BytePane

Vector Database Comparison 2026: pgvector, Pinecone, Weaviate, Qdrant, Chroma, Milvus, MongoDB, Redis

Vector database choice depends on where your data already lives, how much filtering matters, whether you need managed operations, how large the corpus is, and how strict the latency and recall targets are. Use this guide to compare architecture fit, hybrid search, tenant isolation and benchmark methodology before choosing a RAG datastore.

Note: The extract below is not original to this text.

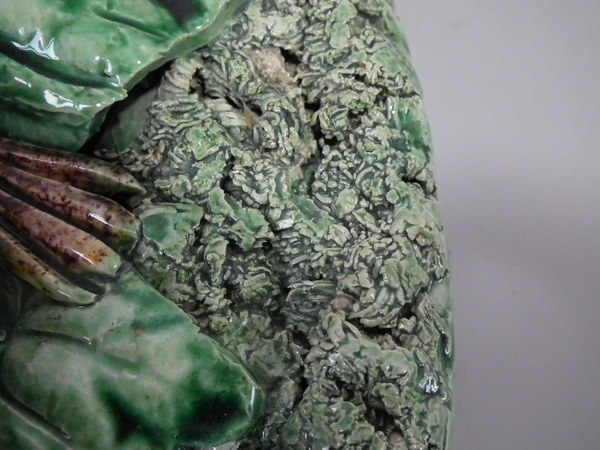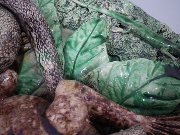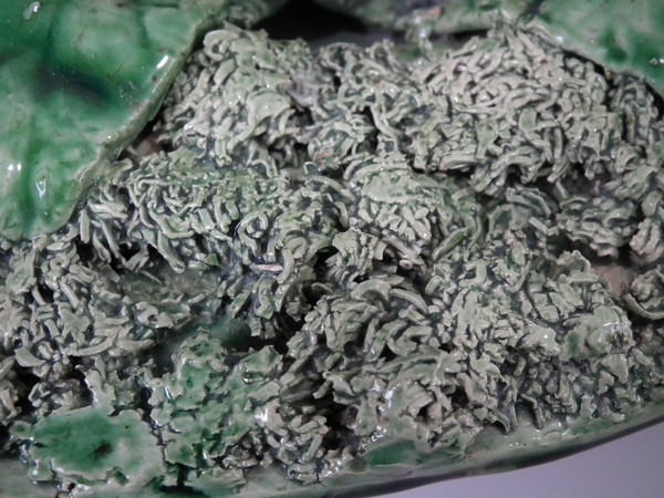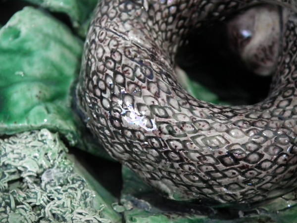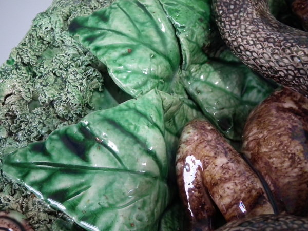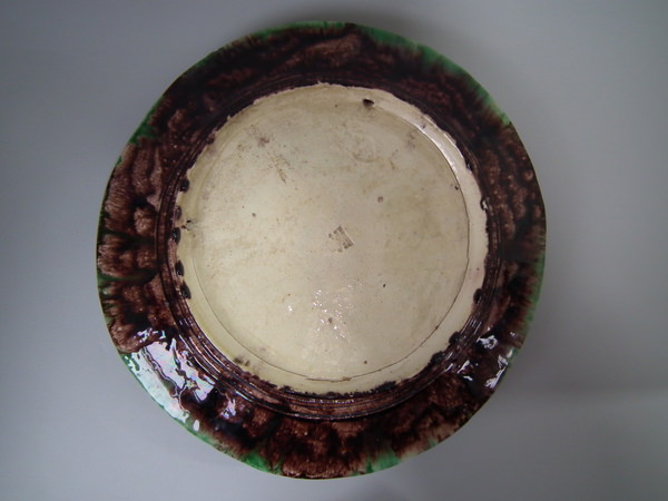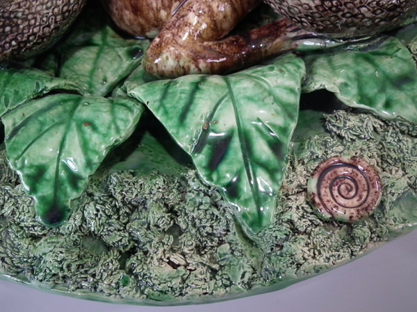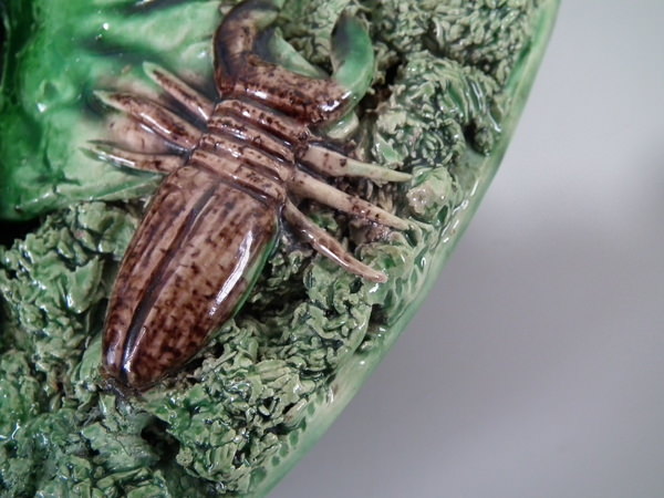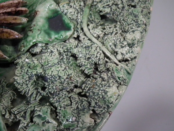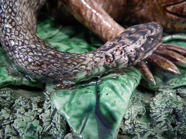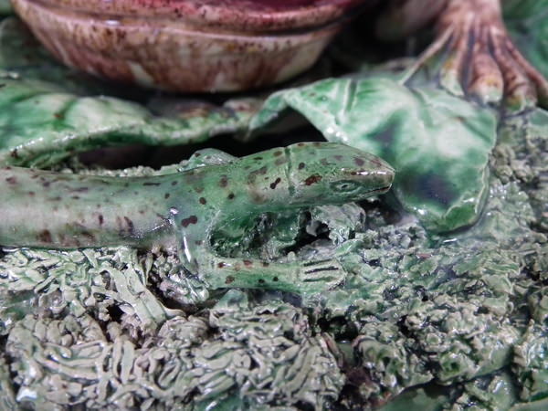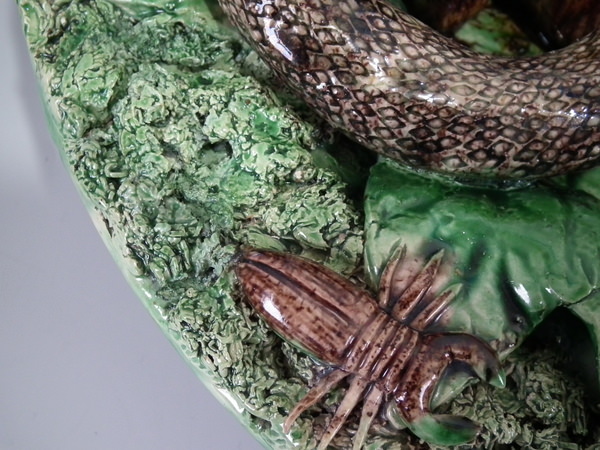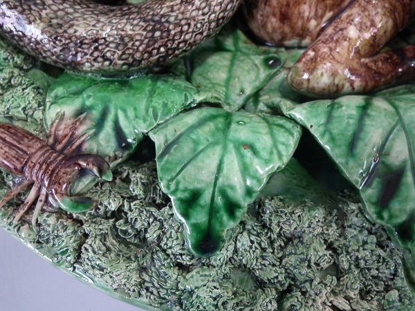 Victorian, circa 1890. 3.3ins high, 15.4ins wide, 15.4ins depth. Mafra Majolica wall charger which features a large toad and snake on a leafy ground, surrounded by smaller lizards and insects. Colouration: green, brown, cream, are predominant.

Source-reviewed update - May 22, 2026

Vector Database Source Review

This refresh reframes cost and latency numbers as planning estimates, then anchors the guide to official documentation and workload-specific benchmarking.

Decision checks

  • - Benchmark with your embedding dimensions, filters, tenant model, recall target and index settings.
  • - Model managed-service pricing directly on official calculators before buying.
  • - Prefer pgvector when vectors must join with relational Postgres data and operational simplicity matters.
  • - Prefer specialized or managed vector systems when corpus size, isolation, hybrid search or operations requirements justify a second datastore.

Primary docs

Use next on Bytepane

1. The 8 Vector Database Comparison Matrix

DatabaseLicenseP99 LatencyCost (1M)Best For
pgvector (Postgres extension)PostgreSQL (open-source)12ms$25Postgres-native apps; relational + vector hybrid; lowest cost
Pinecone ServerlessProprietary SaaS15ms$70Scale to billions; managed simplicity; multi-cloud
WeaviateBSD 3-Clause + Cloud18ms$90GraphQL API; built-in modules (transformers, OpenAI, Cohere); knowledge graph use cases
QdrantApache 2.0 + Cloud9ms$60High-performance pure vector workloads; lowest latency tier
ChromaApache 2.022ms$40Local prototyping; embedded in apps; LangChain default
MilvusApache 2.0 + Zilliz Cloud11ms$80Massive scale (billions+); enterprise; GPU-accelerated
MongoDB Atlas Vector SearchProprietary + Server (SSPL)25ms$180MongoDB-native apps; document + vector hybrid
Redis Stack (RediSearch)Redis SSPL6ms$120Sub-10ms latency requirements; existing Redis users

2. Performance Benchmarks (1M vectors, 768d)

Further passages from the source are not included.